A new survey from the National Wildlife Federation found a majority of people recognize the vital habitat a leaf layer provides for moths and insects, which birds need to survive.

David Mizejewski, naturalist for the National Wildlife Federation, said leaves also help suppress weeds and improve the quality of soil.

"Sounds an awful lot like mulch and fertilizer," Mizejewski noted. "But we've been trained by the garden industry to get rid of all the leaves and then go buy mulch and fertilizer."

Mizejewski emphasized keeping even some of the leaves on the ground reduces the amount of yard waste in landfills, where they produce methane, a potent greenhouse gas.

Still, the survey showed many homeowners simply prefer the look of a freshly raked lawn while others are required to remove leaves by their homeowners association or municipality.
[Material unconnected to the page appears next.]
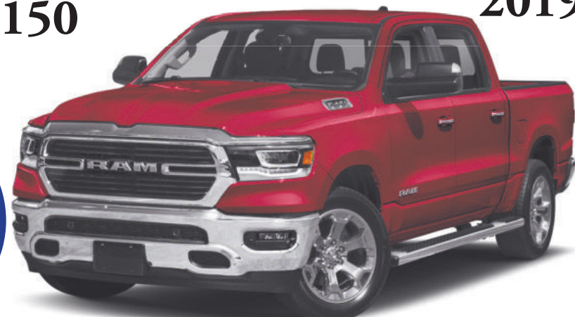
2019 Dodge Ram

Over 4,500 new and used vehicles in stock at 23 locations

Kristina MacKulin, executive director of the Vermont Nursery and Landscape Association, said she has seen an increase in people opting for a more natural look to their yard, while others rake leaves into the garden to better insulate plants for winter.

"Some people prefer to just rake them up and use them in their own personal compost pile," MacKulin observed. "That is a great addition to anybody's compost pile as well."

MacKulin added too many leaves will smother a lawn and just a few inches of cover is best for both plants and wildlife in the grass and garden.